= Data records =
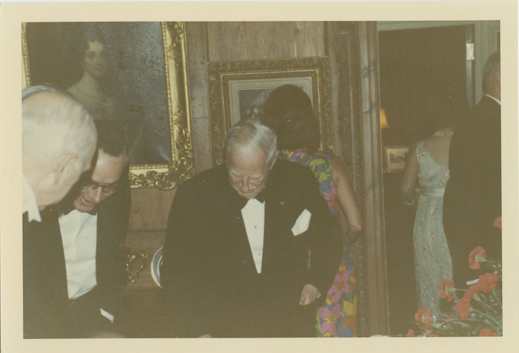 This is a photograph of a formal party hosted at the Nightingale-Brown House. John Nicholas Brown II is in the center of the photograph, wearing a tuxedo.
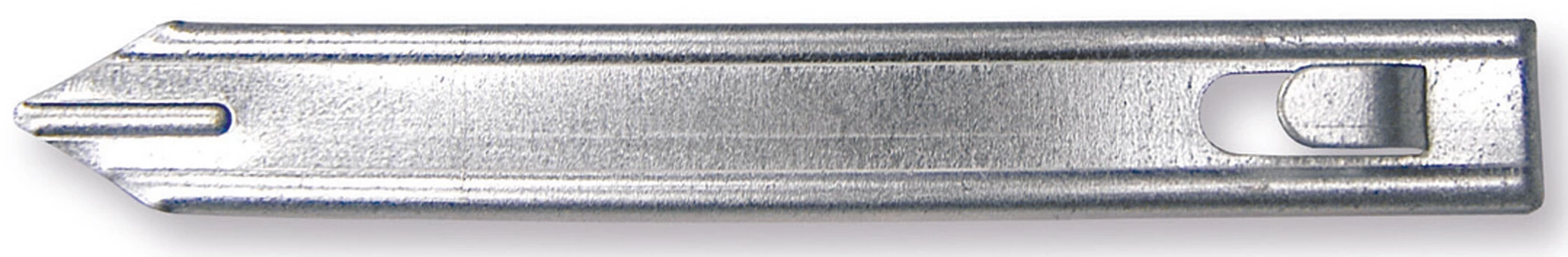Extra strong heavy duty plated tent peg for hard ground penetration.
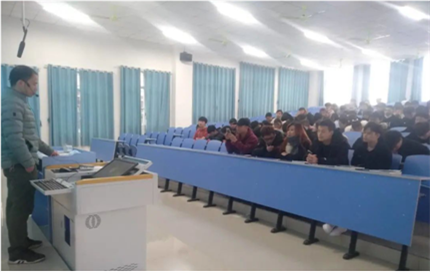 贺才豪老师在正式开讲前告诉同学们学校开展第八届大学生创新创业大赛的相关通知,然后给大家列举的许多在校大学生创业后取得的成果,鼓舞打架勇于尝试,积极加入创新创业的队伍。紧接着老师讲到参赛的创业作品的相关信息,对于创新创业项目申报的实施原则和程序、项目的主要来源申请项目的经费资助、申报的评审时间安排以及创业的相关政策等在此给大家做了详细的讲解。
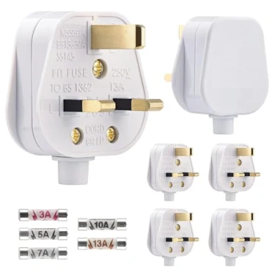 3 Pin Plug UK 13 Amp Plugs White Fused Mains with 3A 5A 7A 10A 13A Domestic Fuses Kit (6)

...

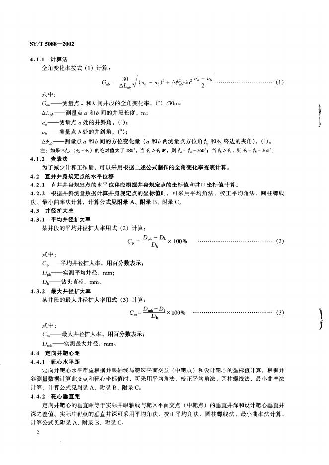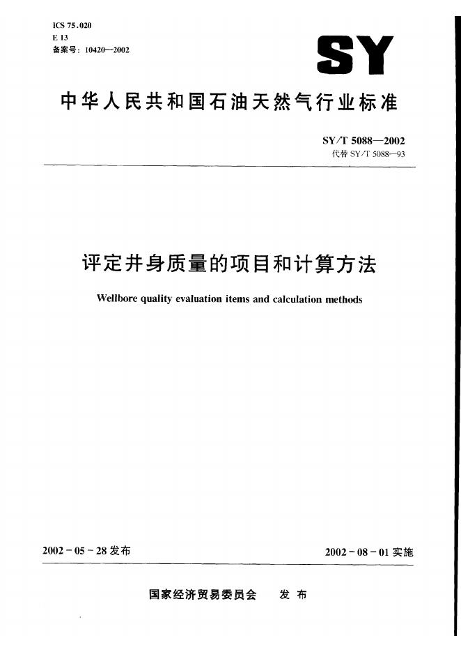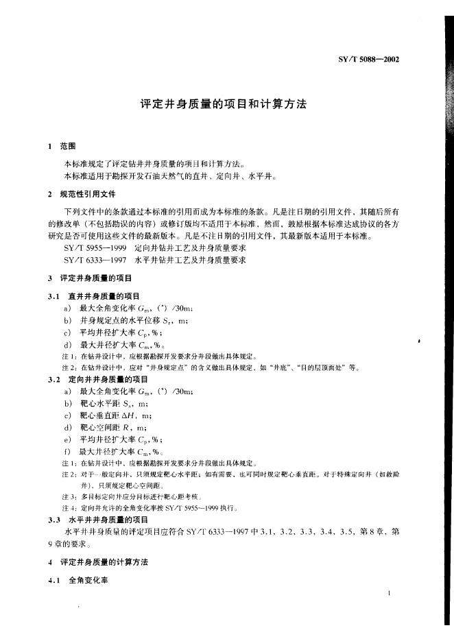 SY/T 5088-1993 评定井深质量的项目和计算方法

= Description of the task =
Using the listing above, restate exactly the range between the lines holding "贺才豪老师在正式开讲前告诉同" and "3 Pin Plug UK", inclusive, with pictures left out.

= Result for this exercise =
 贺才豪老师在正式开讲前告诉同学们学校开展第八届大学生创新创业大赛的相关通知,然后给大家列举的许多在校大学生创业后取得的成果,鼓舞打架勇于尝试,积极加入创新创业的队伍。紧接着老师讲到参赛的创业作品的相关信息,对于创新创业项目申报的实施原则和程序、项目的主要来源申请项目的经费资助、申报的评审时间安排以及创业的相关政策等在此给大家做了详细的讲解。
 3 Pin Plug UK 13 Amp Plugs White Fused Mains with 3A 5A 7A 10A 13A Domestic Fuses Kit (6)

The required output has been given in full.